AG Today

Ag Today August 3, 2017

Farmworkers may have been exposed to pesticide, Gosford Road closed south of Highway 119

  • BY JAMES BURGER jburger@bakersfield.com  August 2, 2017

 

Thirteen farm workers appear to have been exposed to pesticides as they worked in a garlic field on Gosford Road south of Highway 119 Wednesday morning.

Initial reports of the incident, which came at 7 a.m., said 100 people were affected by symptoms including eye irritation and nausea. That turned out to be inaccurate.

Kern County Fire Department Capt. Jason Knaggs said that around 60 to 70 people were working in the area.

After arriving on scene, firefighters and staff of the Kern County Environmental Health Division identified only 13 individuals suffering from minor nausea, eye irritation, headaches and other symptoms that indicate pesticide exposure.

California Highway Patrol officials closed Gosford Road between Highway 119 and Houghton Road to prevent others from coming into contact with the pesticide. All the workers in the area were evacuated. The road remained closed until around noon, Knaggs said.

The 13 people who showed symptoms of exposure, Knaggs said, were decontaminated in an enclosed series of showers that removed any pesticide they may have been exposed to.

“We just want to make sure they’re OK,” he said as the decontamination process was going on.

Later two of the affected individuals complained of feeling ill and were transported by ambulance to a hospital, Knaggs said.

Kern County Agricultural Commissioner Glenn Fankhauser said his department is investigating the possible sources of pesticides that may have caused the complaints – and whether there were any violations of pesticide regulations.

Two possible sources of pesticides have been identified – though it is too soon to confirm where the chemicals came from or whether violations of chemical safety rules took place.
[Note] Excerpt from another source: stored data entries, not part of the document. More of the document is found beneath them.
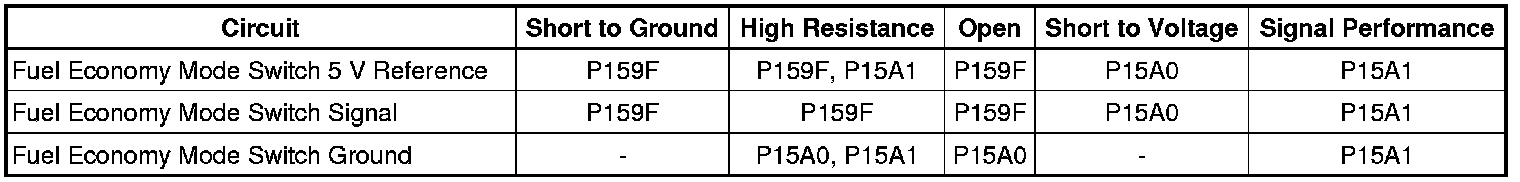 The ECM detects that the voltage on the fuel economy mode switch signal wire is either too low or too high out of range.
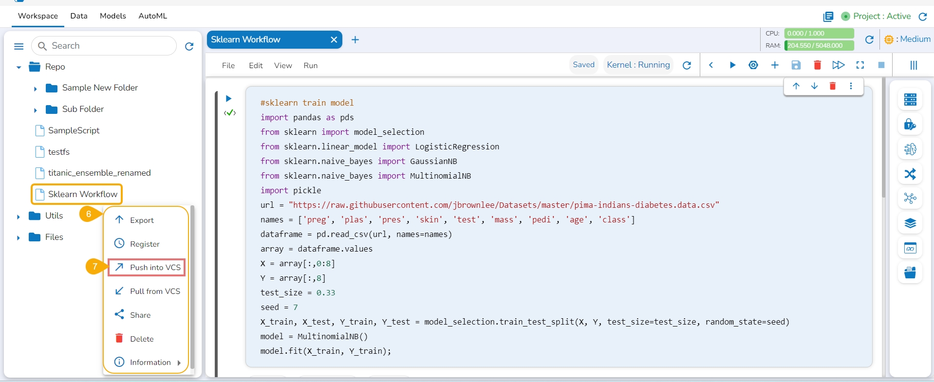 Click the Push into VCS option for the selected Notebook.
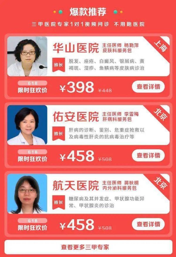 您可以享受 上海華山醫(yī)院皮膚科、北京佑安醫(yī)院肝病科、北京航天醫(yī)院內分泌科、北京天壇醫(yī)院呼吸科、上海復旦附屬中山醫(yī)院心內科、中國醫(yī)科大學附屬第一醫(yī)院胸外科、中日友好醫(yī)院腫瘤放射治療科等三甲醫(yī)院專家的服務,15分鐘1對1視頻問診,足不出戶,享受名醫(yī)診療。
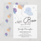 Ein süßer kleiner Geist, der mit Ballons spielt. Extravagante und elegante Script-Typografie. Einstellbarer Text für leicht zu bedienende Babydusche-Einladungen. Niedliches und einfaches Halloween. Oktober Thema Babydusche. Alle Kunstwerke von Valarie Wade.
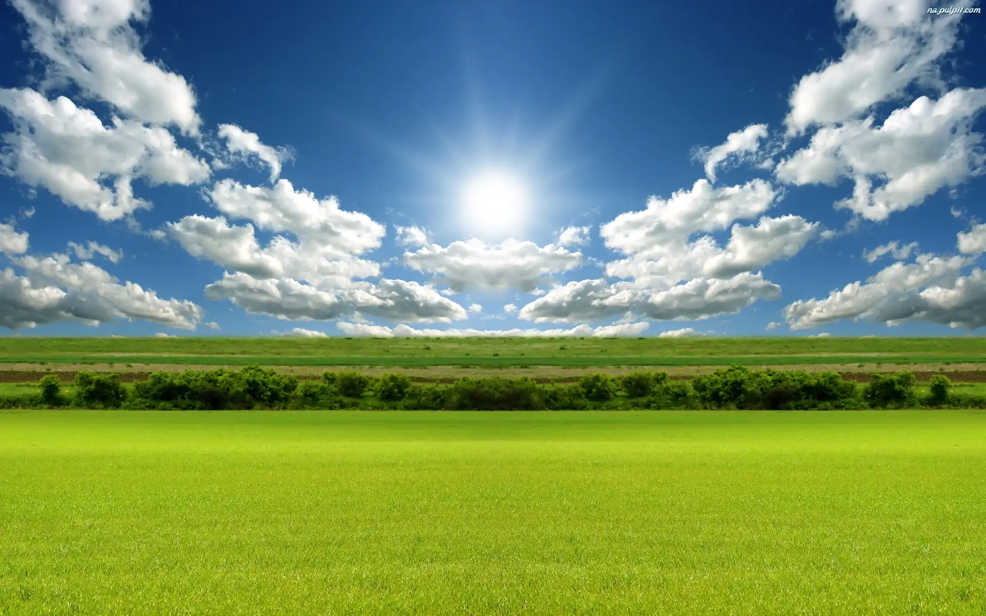 Słońce, Drzewa, Łąki, Chmury Na Pulpit
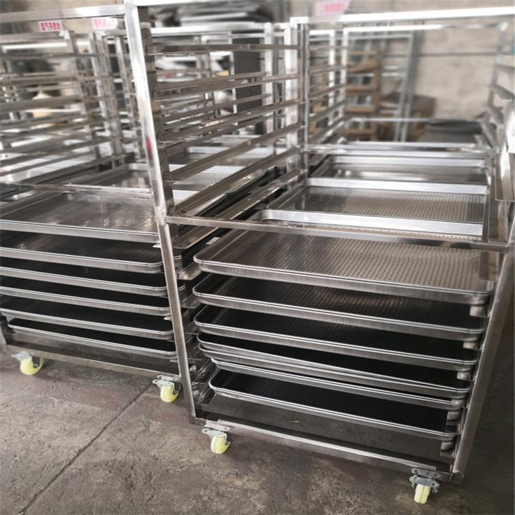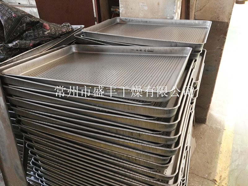 烘盘,又名托盘、烤盘,是指在干燥箱中盛放物料的器具,一般由金属制成。在工业生产,烘盘一般不单独使用,均装备在烘干箱、真空烘箱等设备中一起工作。目前广泛使用在制药、化工、食品、农副产品等行业的烘盘,根据使用材质的不同,主要由不锈钢、铝合金等两大类(也有少量的铁制烘盘,用于外壁上搪瓷);根据外形的不同,可分为无孔盘和打孔盘。
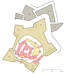 After the war ended, it was decided that the fortress was insufficiently fortified, so Prince-Bishop Veit von Würzburg oversaw the construction of a third layer of fortification consisting of four mostly wood and earth bastions.[6][7] Veit also had a renaissance-style palace built inside the castle, with the hope that Kronach could become the Prince-Bishopric's third residence city, after Bamberg and Forchheim. This hope never materialized, however, starting in the early 17th century, Kronach became the refuge of choice for the Prince-Bishops, their treasures, and their archives at times when Bamberg was threatened by war. Christoph Franz von Buseck, the last Prince-Bishop of Bamberg, sought refuge at Kronach before his final deposition in 1802.
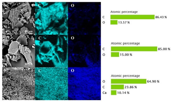 Cow-hair-based biochars carbonized in N2, Ar, and air were observed and analyzed and the results are shown in Figure 3. It shows that the elemental composition of CCMa–N2 and CCMa–Ar are similar and include C and O. The C content of CCMa–N2 and CCMa–Ar is 86.43% and 85%, respectively, along with significant O-doping. The CCMa–Air includes high content of O (64.9%) and Ca (10.14%). It is known that hair waste usually contains some lime due to the dehair-liming process in leather production. Some CaCO3 is produced with the presence of O2 in air in carbonization, and it is difficult to fully remove it by HCl washing in KOH activation [].
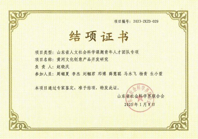 近期,由第2批山东省哲学社会科学青年人才团队“青岛工学院服务黄河国家战略研究团队”负责人赵晓庆教授主持的山东省人文社会科学项目《黄河文化创意产品开发研究》顺利通过结项验收。该课题立足服务黄河重大国家战略,深入挖掘黄河文化蕴含的时代价值,充分体现了青岛工学院服务国家战略、助力强省建设、弘扬中华优秀传统文化的使命担当。
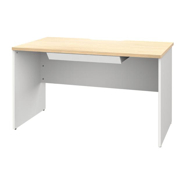 オフィスデスク 引出し付き 幅120×奥行70cm 木製 PLANN ( 法人限定 デスク 事務机 シンプル 机 収納付き 引出し パソコンデスク ワークデスク 平机 オフィス 会社 木目調 配線受け 背面化粧仕上げ 事務所 オフィス家具 )
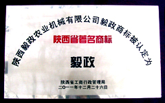 為積極推進我省商標戰(zhàn)略的實施,增強企業(yè)品牌意識,增強陜西產(chǎn)品的市場競爭力,根據(jù)《陜西省著名商標認定與管理暫行規(guī)定》的規(guī)定,經(jīng)研究,陜西省工商行政管理局認定陜西毅政農(nóng)業(yè)機械有限公司的注冊商標毅政為陜西省著名商標。
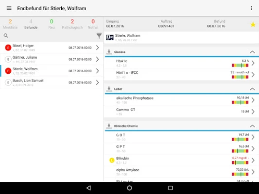 Nutzen Sie Labor Online um Ihre Laborergebnisse auf Ihrem mobilen Endgerät zu betrachten. Egal ob neue, pathologische oder dringende Befunde, dank Labor Online und der integrierten Unterstützung für Push-Benachrichtigungen bleiben Sie immer auf dem neusten Stand. Nutzen Sie die Merkliste um sich bei wichtigen Befunden sofort über jegliche Änderungen informieren zu lassen.
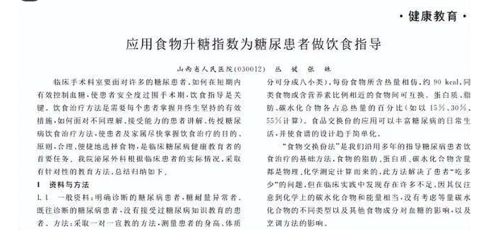 [1]丛媛.应用食物升糖指数为糖尿患者做饮食指导, 山西医药杂志(下半月刊) ,2010-11-25
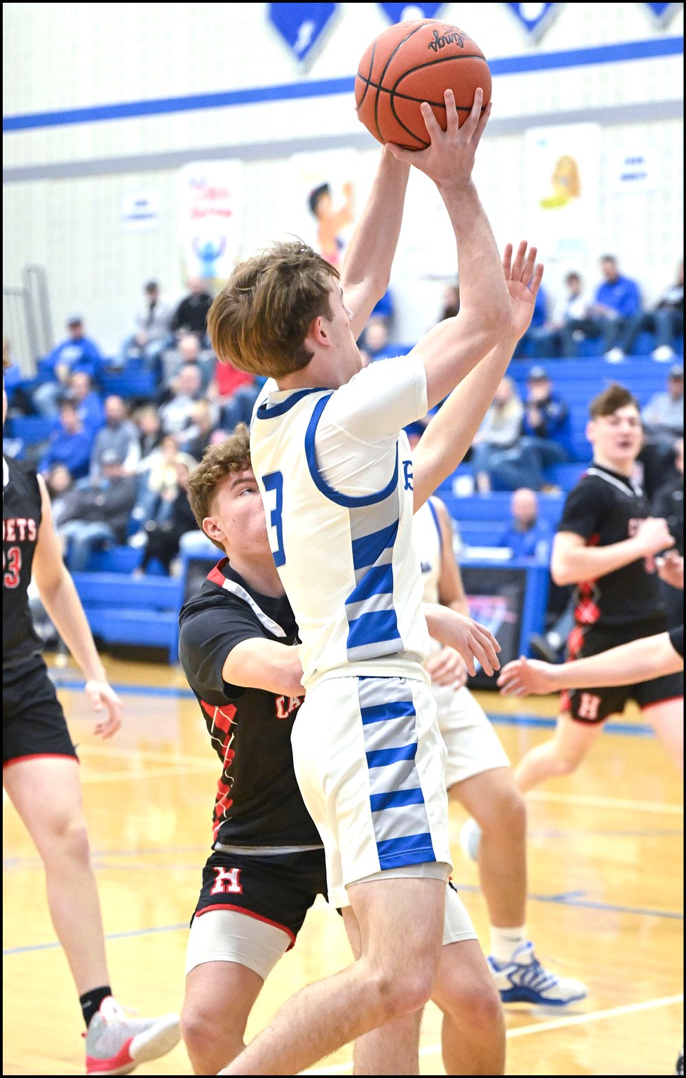 BBC MATCHUP … Austin Verdin snaps off a three-pointer for Hilltop in the opening quarter.
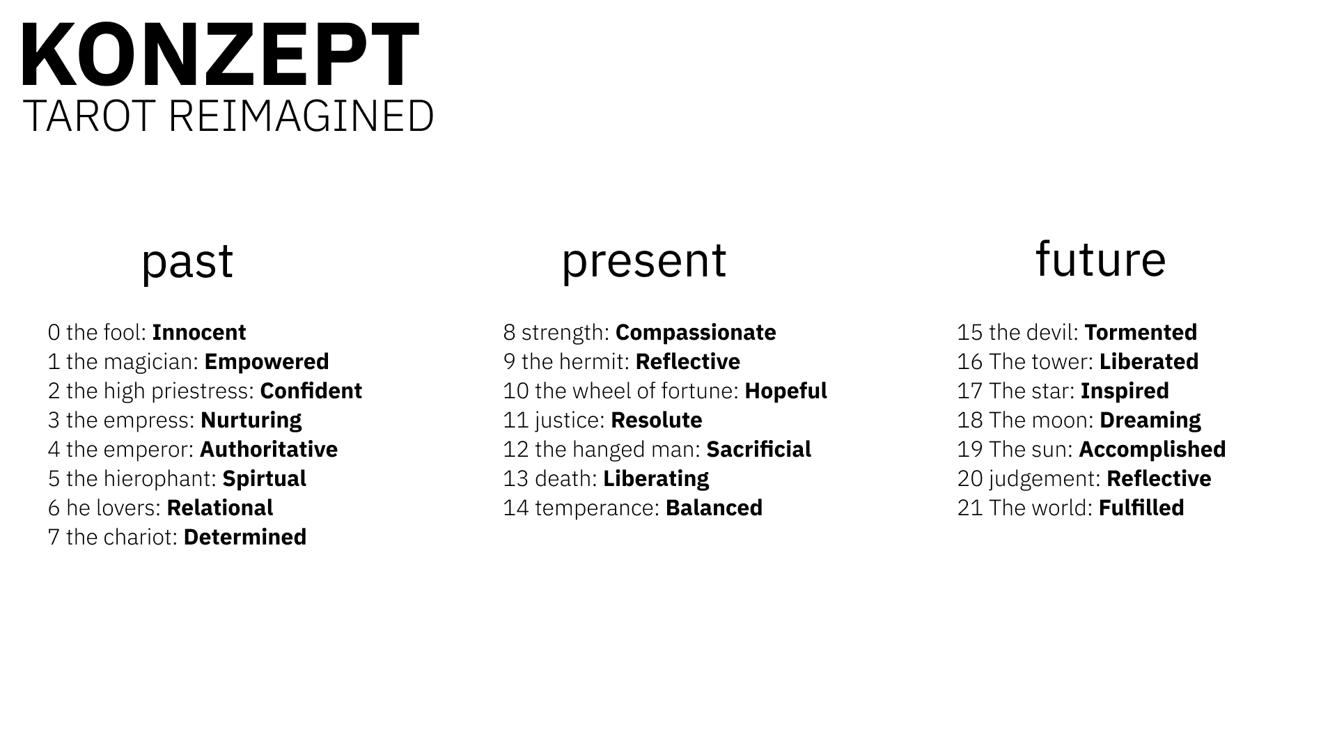 Through discussions and experiments, the project evolved from 8 Ball & Me into Virtual Tarot, shifting focus from randomness to emotional interpretation. The Major Arcana became our database, redefined through adjectives that describe human states of being rather than fate.
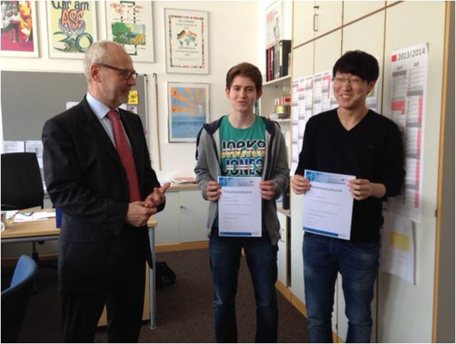 „Erfolgreich auf Mist gebaut“ haben Alexander Röntgen und Michael Zhao, beide Stufe Q1. Damit begann nämlich im Sommer 2013 die erste Runde der Internationalen Chemie-Olympiade 2014: Sie gingen der Frage nach der chemischen Zusammensetzung von Pferdemist auf den Grund und identifizierten mit detektivischem Spürsinn ein verräterisches weißes Pulver in der Nähe der Pferdeboxen. Dazu lösten sie auch Probleme aus den Themenbereichen Redoxreaktionen, Thermoanalyse und organische Synthesen. Das hier erworbene Wissen konnten sie im Herbst in der zweiten Runde anwenden und bearbeiteten anspruchsvolle Aufgaben aus der Analytik, Organischen Chemie und der Spektroskopie. Für diese Mühe wurden sie nun vom Institut der Pädagogik der Naturwissenschaften (IPN) in Kiel als Veranstalter des Wettbewerbs mit einer Urkunde und einem Büchergutschein belohnt. Beides nahmen sie stolz von Alfred Schäfer entgegen, der ihre Leistungen anerkennend herausstellte.
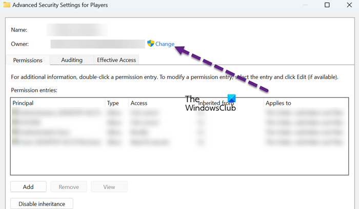 - Haga clic derecho en la carpeta Jugadores, seleccionePropiedadesy luego vaya alSeguridadpestaña.
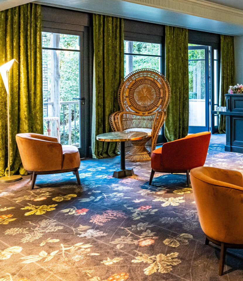Pour l’hôtellerie, le studio élabore un tissu floral créé sur mesure comme “fil conducteur”pour l’ensemble des services, reprenant le motif des moquettes de l’établissement.
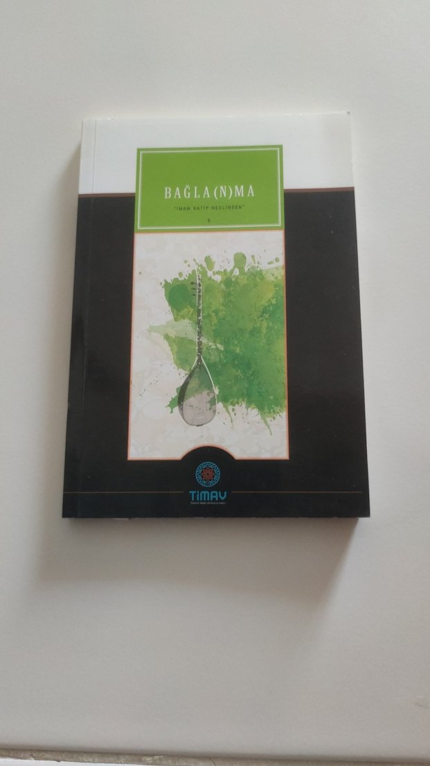 "Bağla(n)ma" adlı şiir kitabı, yeşil suluboya ve kolye görselli kapak tasarımına sahiptir. TIMAV tarafından yayımlanmıştır.
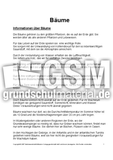 Baume Text Zur Prasentation Prasentationen Baume Lebensraum Wald Themen Und Projekte Hus Klasse 4 Grundschulmaterial De
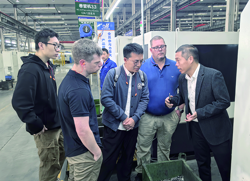 客戶首站參觀了生產(chǎn)車間,依次考察了原材料檢驗、工序加工、數(shù)控加工、熱處理、表面處理、裝配及包裝上油等全流程。車間整潔的環(huán)境、先進(jìn)的數(shù)智化設(shè)備以及員工專注的專業(yè)態(tài)度,獲得了客戶的充分肯定。雙方在參觀過程中不時駐足,就具體工藝細(xì)節(jié)展開現(xiàn)場探討。嚴(yán)謹(jǐn)?shù)牟僮髁鞒膛c精細(xì)的質(zhì)量管控體系,進(jìn)一步向客戶展現(xiàn)了興化公司對產(chǎn)品品質(zhì)的極致追求。
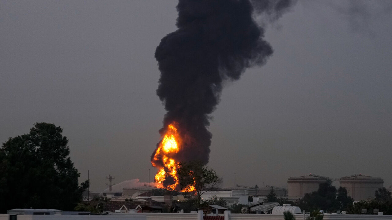 ▲ 2026년 3월 16일 두바이 국제공항 근처의 유류저장고가 이란의 공격을 받아 불이 붙고 연기와 화염이 치솟는 모습.
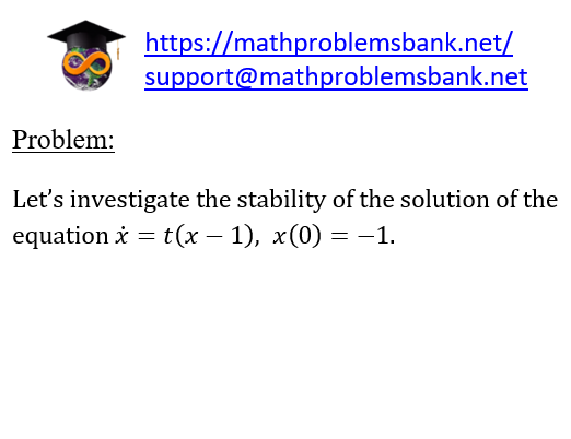 Problem: Investigate the stability of the solution of the equation \( \dot{x}=t(x-1), x(0)=1 \).
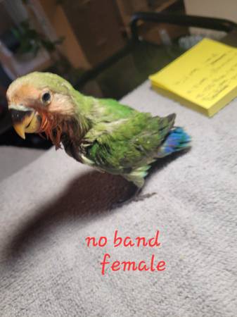 2 dnaed female peachface lovebirds. Hand fed , and hand tame, sweet birds, I can be reached at .
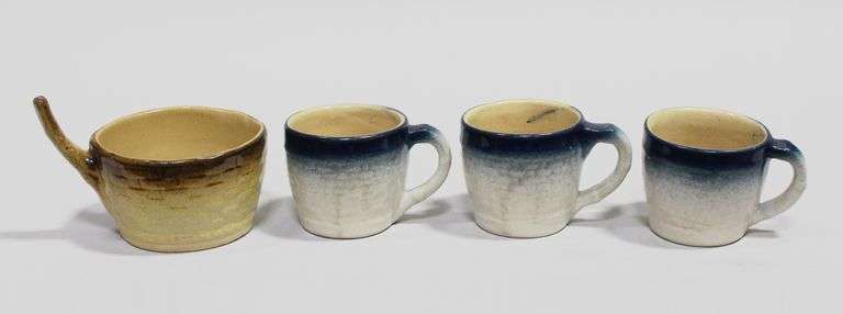 Three Medalta mugs and a handle bowl with a basket weave pattern. The mugs feature a blue and white gradient and show signs of crazing. The bowl features a yellow and brown gradient with an up turned handle. All pieces are stamped with ‘Medalta Potteries Redcliff’ to the base.
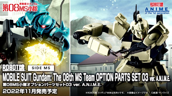 最尖端的“CAD技術”和造形職人的“工匠技藝”所交織成的機器人公仔「ROBOT魂 ver. A.N.I.M.E.」,決定於11月發售「第08MS小隊配件組合包03」。價格5,500日圓(含稅)。
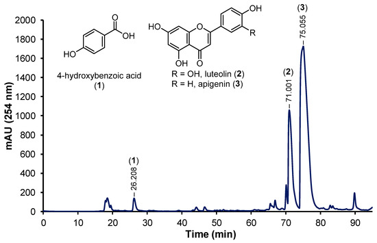 The preparative high-performance liquid chromatography (HPLC) chromatogram (254 nm) of the methanol (MeOH) fraction of the Z. muelleri aerial extract and chemical structures of isolated compounds 4-hydroxybenzoic acid (1), luteolin (2), and apigenin (3).
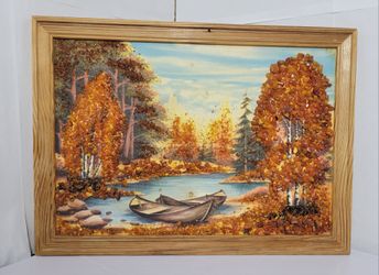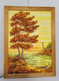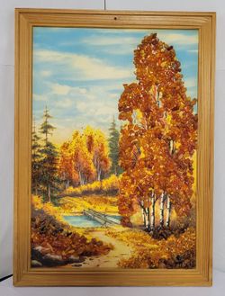 Framed Vintage Handmade USSR Soviet Amber Landscape Art 9.5"×13"$40Queens, NY
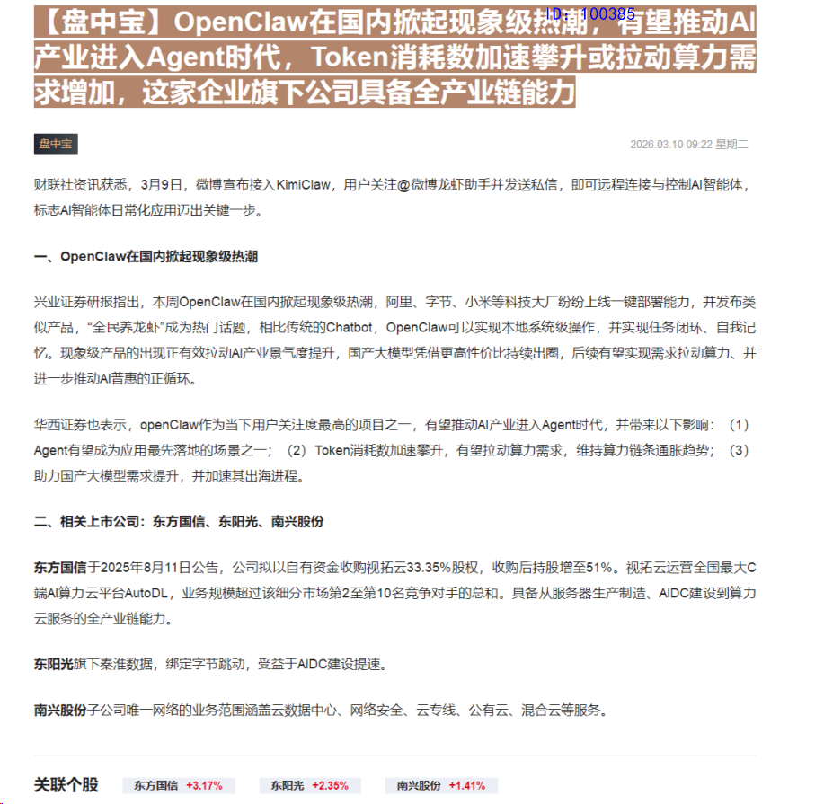 09:22【盘中宝】OpenClaw在国内掀起现象级热潮,有望推动AI产业进入Agent时代,Token消耗数加速攀升或拉动算力需求增加,这家企业旗下公司具备全产业链能力
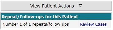 Select Review Cases in the Repeat/Follow-ups for this Patient section under View Patient Actions.

The most likely source, Fankhauser said, was a field adjacent to the garlic field the farm workers were harvesting.

The fumigant Vapam had been applied to that field on Tuesday, he said.

Usually a seal is used to make sure the chemicals don’t migrate off the field and one focus of the investigation will be to determine if the correct procedures were used in the application of those chemicals, Fankhauser said.

He said there was a 25-foot gap between the two fields and workers were harvesting garlic in very close proximity to the field where Vapam had been applied the day before.

Vapam’s active ingredient is metam sodium, which can be fatal if absorbed through the skin and is irritating to eyes, nose and throats.

The other possible source of the chemicals is an alfalfa field located between one-half and one mile southwest of the work site where Vulcan had recently been sprayed by a helicopter.

Vulcan contains chlorpyrifos, which can cause headaches nausea, vomiting, blurred vision and other symptoms up to and including death.